Perhaps worst of all, Carlat said, drug companies have come to sponsor so much of continuing medical education -- the courses that doctors must take to retain their licenses -- that the companies can set much of the agenda.
"Instead of getting educated about psychotherapy, about how to better manage our practices, about epidemiology and the public health concerns of underserved populations, what we're getting is lecture after lecture about how to diagnose depression and use antidepressants to treat it; how to diagnose insomnia and use sleeping pills to treat it; how to diagnose bipolar disorder and use mood stabilizers to treat it," he said.
In particular, Carlat said, he is appalled that his prestigious former employer, Mass. General, has chosen to accept millions of dollars of drug-company money to sponsor its continuing psychiatry courses. MGH says that its pharmaceutical sponsors have no input on the courses.
Carlat's newsletter is by no means anti psychiatry; it is meant for psychiatrists and their patients. Nor is it anti medication; Carlat himself prescribes drugs in his private practice all the time, he said, "because they work."
But it aims to cut through layers of drug advertising and studies sponsored by drug companies to a relatively spin-free bottom line.
The Report might warn, for example, that a new drug is merely a tweaked version of an older drug whose patent is about to expire -- meaning the new drug is probably not worth its sticker price.
In 2004, the Report concluded that a new anti depressant, Cymbalta, offered no significant advantages over existing drugs, and that its maker, Eli Lilly, was massaging the data to make it look better than it was. The article and its headline, "Cymbalta: Dual the Reuptake, Triple the Hype," drew a lengthy complaint from Eli Lilly, replete with 24 footnotes that Carlat then published on the Report's website, with his own rebuttal.
The Report (online at thecarlat report.com) does carry interviews with psychiatrists who have financial ties with drug companies, Carlat said, but only because it is simply impossible to find prominent psychiatrists without such ties. He asks experts to disclose any financial ties in print.
Carlat seems to have struck a nerve. From a tiny 2002 start-up, the newsletter has grown to a circulation of 2,300 -- almost enough to begin paying himself a salary for his three days a week of writing and editing, Carlat said. Subscriptions range from $89 a year for individuals to $149 for institutions.

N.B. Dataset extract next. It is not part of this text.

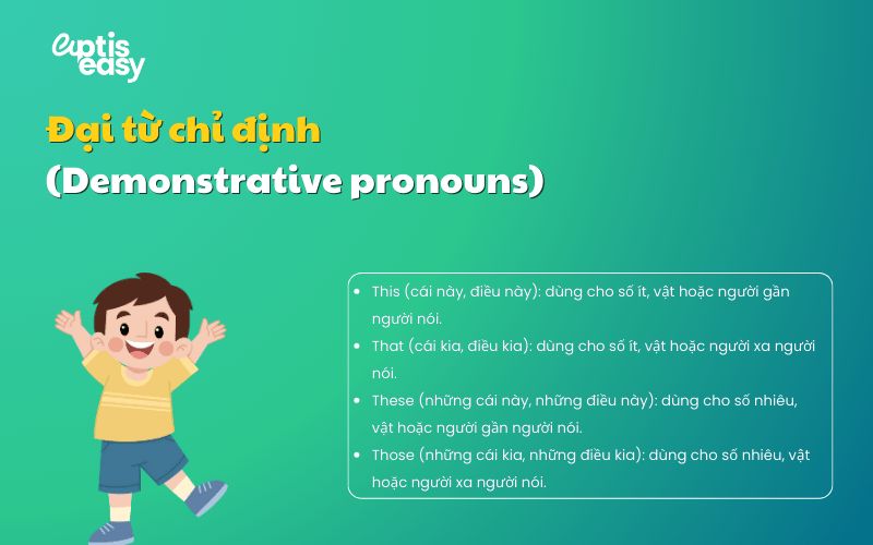 Trong tiếng Anh, có bốn đại từ chỉ định chính, được phân loại dựa trên số ít, số nhiều và khoảng cách từ người nói:

Dr. Steven Sharfstein , immediate past president of the American Psychiatric Association, the field's major professional group, said he believes that Carlat may be part of a larger movement, "a change in sensitivity and sensibility" about pharmaceutical industry involvement in psychiatry.
Sharfstein said he has no hard data, "but I believe there's a trend that people are moving away." His own hospital, Sheppard Pratt Health System near Baltimore, has stopped letting drug companies sponsor lectures.
"So now we just don't have fancy snacks," he said. "It just didn't feel right."